• WHAT TO WORK ON:
Write out the data that follows exactly, keeping every picture out.

• DATASET CONTENT:
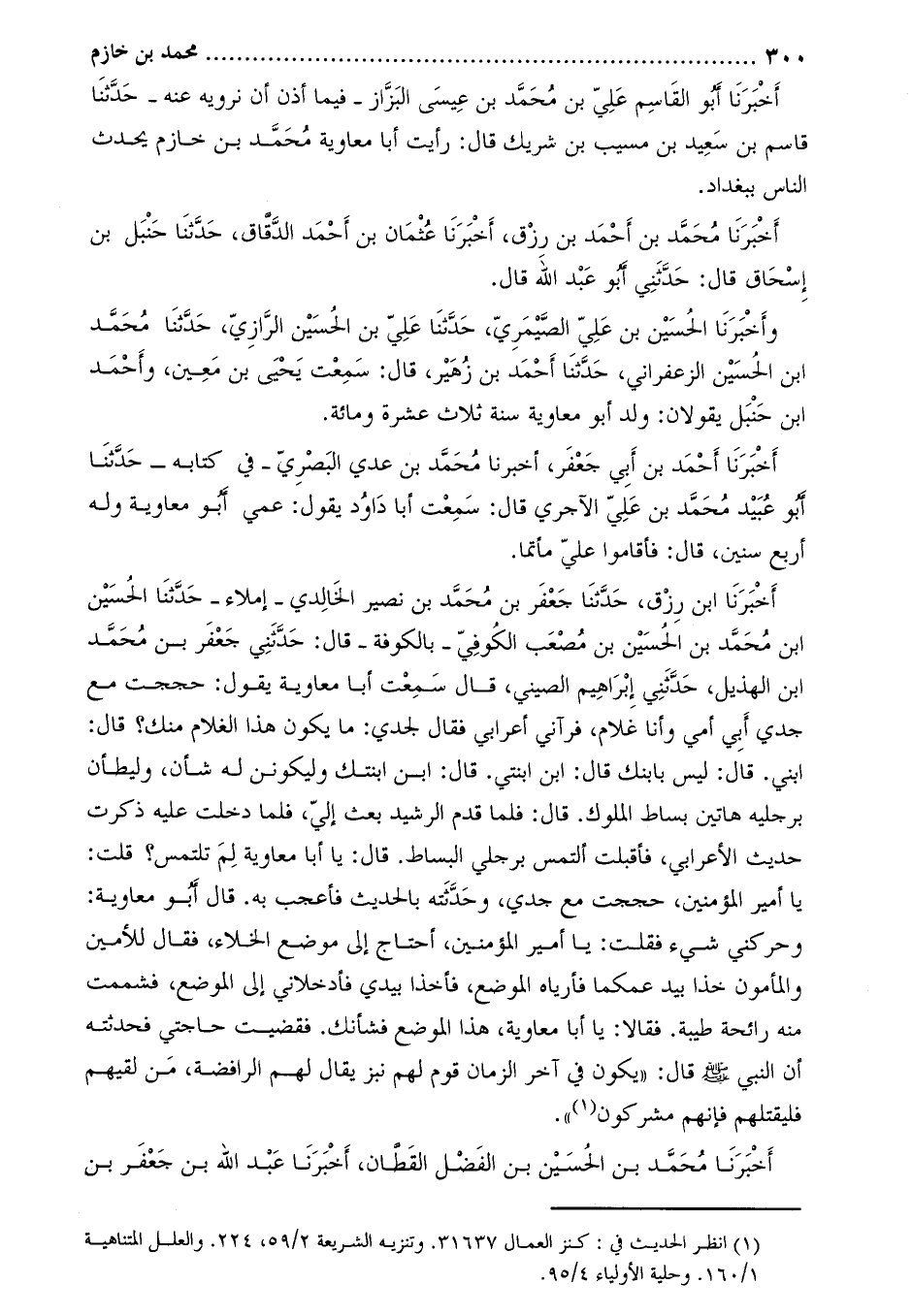 [1] انظر الحديث في: كنز العمال 31637. وتنزيه الشريعة 2/59، 224. والعلل المتناهية 1/160. وحلية الأولياء 4/95.
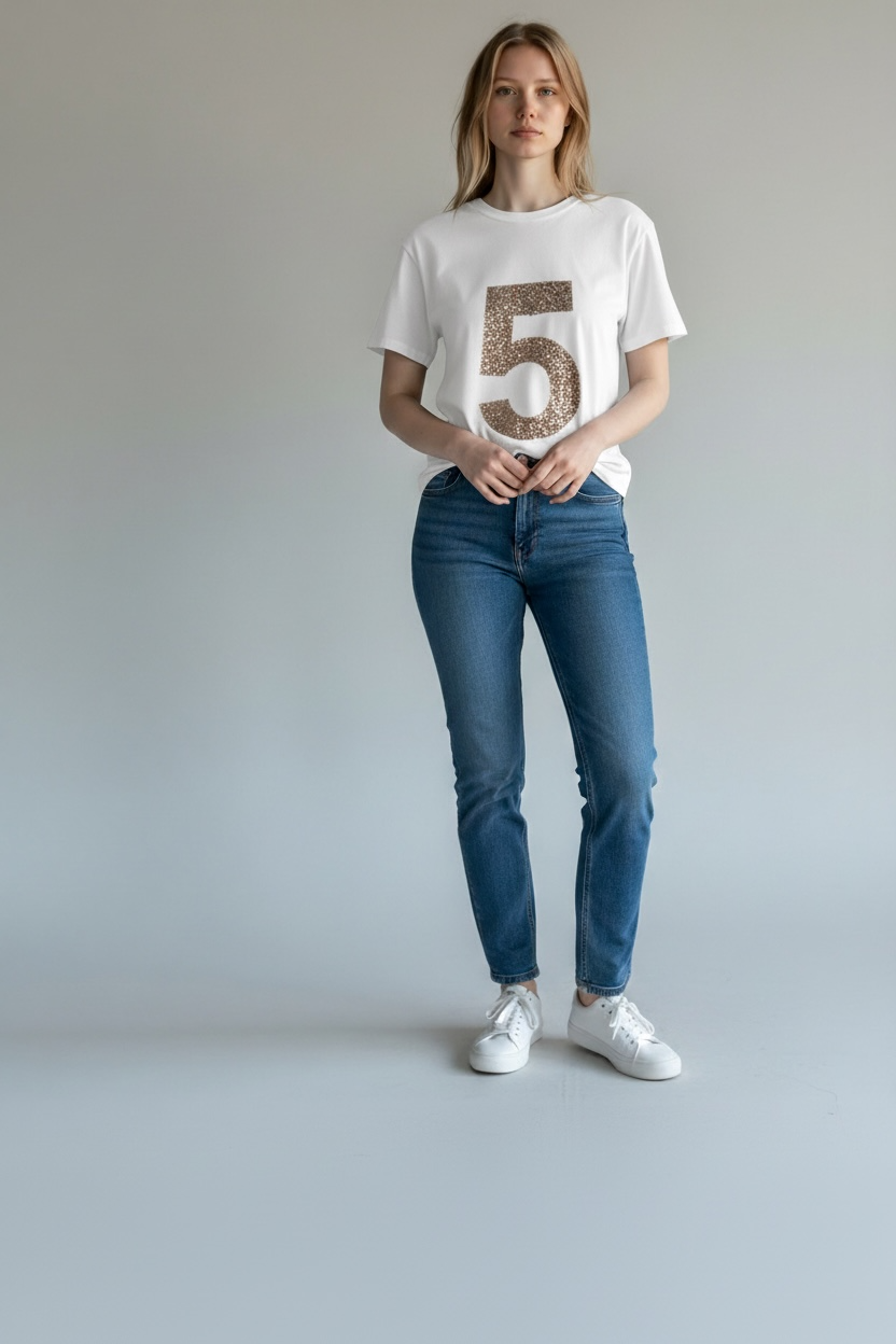 La T-shirt Five è realizzata in cotone elasticizzato di alta qualità, garantendo comfort e libertà di movimento. Il design presenta un numero 5 impresso in paillettes, che conferisce un tocco distintivo. Questa maglietta è ideale per un look casual e alla moda, perfetta per diverse occasioni.
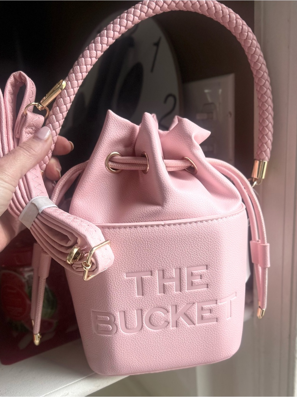 Pink Drawstring Bucket Bag, NEW
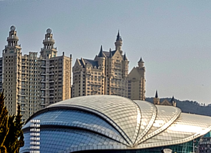 There was a shuttle available to downtown Dalian (a long walk away), but as mentioned in the previous post of our first day in Shanghai – https://baderjournal.com/2024/08/16/shanghai-china-day-1-2024/ – because we had not gotten Chinese visas we could only leave the ship on a HAL sponsored excursion (or one operated by someone approved for the purpose by the Chinese government). But HAL (Holland America) was only offering 3 excursions, all less than 4 hours long, so there was not much to choose from. We surely wanted to see what we could of the city rather than spend the day on the ship, so we signed up for the longest of HAL’s excursions as soon as the visa-free program was announced (we think we were the last to get places on this tour). So off we went in the morning after breakfast, driving through a city that turned out to be full of tall skyscrapers and open city parks.

• REPLY:
 [1] انظر الحديث في: كنز العمال 31637. وتنزيه الشريعة 2/59، 224. والعلل المتناهية 1/160. وحلية الأولياء 4/95.
 La T-shirt Five è realizzata in cotone elasticizzato di alta qualità, garantendo comfort e libertà di movimento. Il design presenta un numero 5 impresso in paillettes, che conferisce un tocco distintivo. Questa maglietta è ideale per un look casual e alla moda, perfetta per diverse occasioni.
 Pink Drawstring Bucket Bag, NEW
 There was a shuttle available to downtown Dalian (a long walk away), but as mentioned in the previous post of our first day in Shanghai – https://baderjournal.com/2024/08/16/shanghai-china-day-1-2024/ – because we had not gotten Chinese visas we could only leave the ship on a HAL sponsored excursion (or one operated by someone approved for the purpose by the Chinese government). But HAL (Holland America) was only offering 3 excursions, all less than 4 hours long, so there was not much to choose from. We surely wanted to see what we could of the city rather than spend the day on the ship, so we signed up for the longest of HAL’s excursions as soon as the visa-free program was announced (we think we were the last to get places on this tour). So off we went in the morning after breakfast, driving through a city that turned out to be full of tall skyscrapers and open city parks.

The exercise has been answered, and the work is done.